If anyone out there is NOT considering a pup based on 4,even 5 mo.of age,they're missing out!


----------



## Laurief (Nov 7, 2006)

Julie, is Vincent also your dog?? He is beautiful!!
Laurie


----------



## Julie (Feb 8, 2007)

Yes,That's my Vinnie!We love him.......he has a very very sweet personality.He is going to be 2 in a few days.Quincy grabs onto the hair on Vinnie's behind with his mouth,and Vinnie pulls Quincy all around the house!Vinnie the engine,Quince is the caboose! 
Thanks for the compliment!


----------



## marjrc (Jan 13, 2007)

Awwwww...... Rumba sounds and looks like a real sweetie!! I would gladly take a puppy at 4 months. In fact, if (WHEN) we get a second Hav, I will be trying to get a rescue.... whether it's 4 months or 2 years, it will still be a pup. Like you said, Melissa, the dog lives to 12-15 years or more!! I mean, what's a few weeks? Stupid to think that's no longer a pup at 4 months!  

I am finding that Ricky has matured around 6 months. He's 7 months now (on Valentine's Day) and though he is still very much a puppy, he's maturing in many ways too. 

If it weren't for transportation, I would seriously consider getting Rumba for myself!!  I did see from Tom, though, that he has found a home. That is wonderful news!!!


----------



## giniv (Feb 3, 2008)

What ever happened to Rumba? I notice it was a while ago. Gini


----------



## NancyVB (Jun 27, 2007)

Hi Karen and Welcome! This is an awesome place to get advice and to share stories. Both of my Havs come from HALO. Emma was 20 months when we got her (way old!) and she had been abused. She was terrified of people and it took time to get her to trust us. She is beautiful and a love bug. No one is a stranger to her, she greets everyone like a long lost friend when they come here.
Oscar was 4 months old when we got him. HALO rescued him on Christmas eve, he was 4-6 weeks old and he was so sick they didn't think he would make it. With TLC and good vet care they pulled him through. He has no memories of the mill, thank goodness. He too is very loving.
The most important thing I can tell you about a rescue is have tons of patience. Sit back and watch a pup that didn't have a chance turn into a beautiful companion.


----------



## TnTWalter (May 9, 2007)

Well I actually wanted an older pup or young adult! I had such a hard time finding one. I wanted to know what my dog would look like, his personality, etc. My only concern would be potty training. 

Part of the problem was my lack of patience. LOL. And there were TWO wonderful older pups, one was 1.5 years old, that I just missed out on.

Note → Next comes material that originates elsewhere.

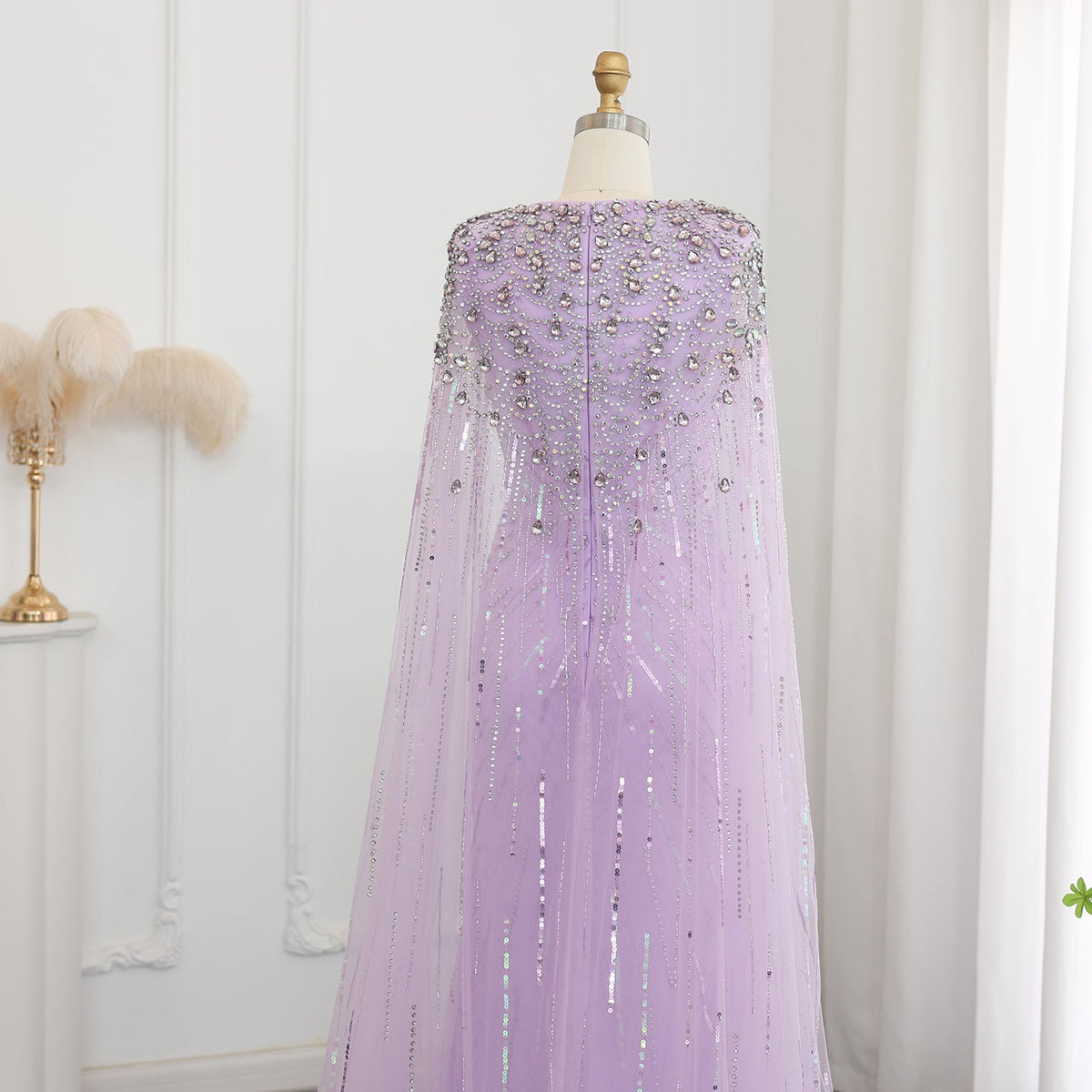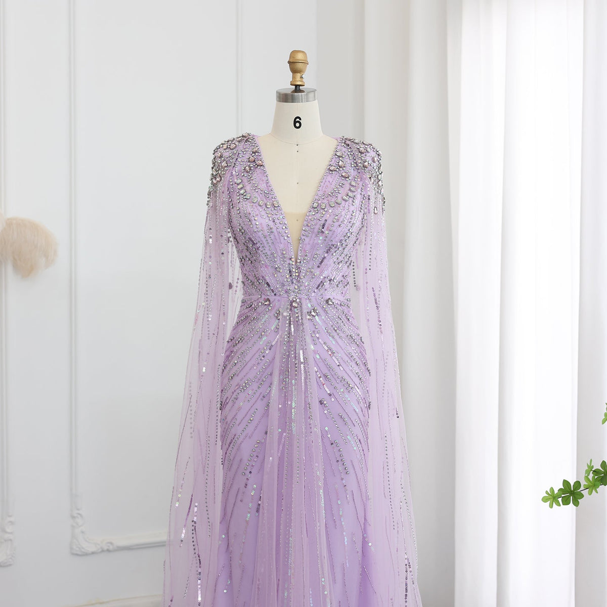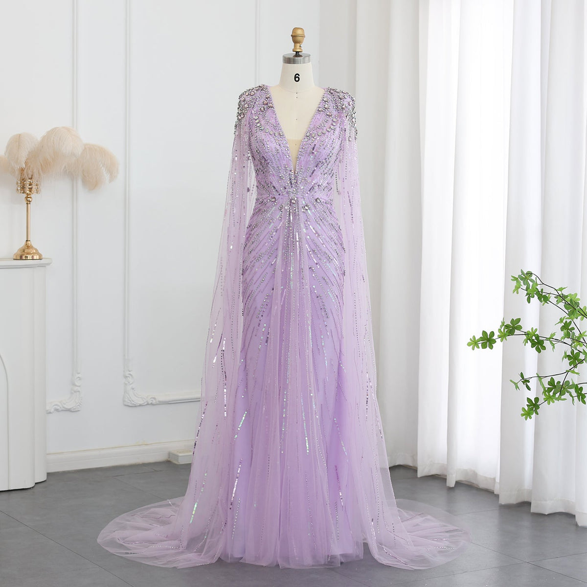 Luxury Crystal Sage Green V-Neck Evening Dresses with Cape SS399

I love love love Winston and it worked out great, but not being 'in the know' makes it really hard on the average joe who will take an older pup or young adult. Winston was 14 weeks when I got him, I considered him a puppy.


----------



## Jill in Mich (Feb 24, 2008)

Rumba is a doll and I'm sure he'll find a good home. Back to your question about what is a "puppy".... It's hard to imagine someone thinking 4 months old is not still a puppy! You're right, many breeders keep the pup until they're 12 weeks old, what's anothe 4 weeks? Just one look at him and you can tell he's a puppy and I'm sure it doesn't take spending any time at all with him to know he's all puppy. But as I think about it, I'm not sure what I would define as a "puppy." When I was originally looking, I didn't want a puppy but wanted a young dog. For me, that was 18 - 24 months old. I'd probably still consider 7-8 months as a puppy. But not sure what that makes a dog that is between 8 months and 18....


----------



## pjewel (Apr 11, 2007)

This is a *very* old thread. My guess is Rumba has long since found his forever home.


----------



## Melissa Miller (Aug 2, 2006)

Yes Rumba did find a home.. it IS an older thread. Which is kinda cool it was brought back up. I have to admit when I saw the reply in my mailbox, I kinda had to take a breath. I had a VERY hard time letting rumba go on, but just could not take on three dogs at that time. 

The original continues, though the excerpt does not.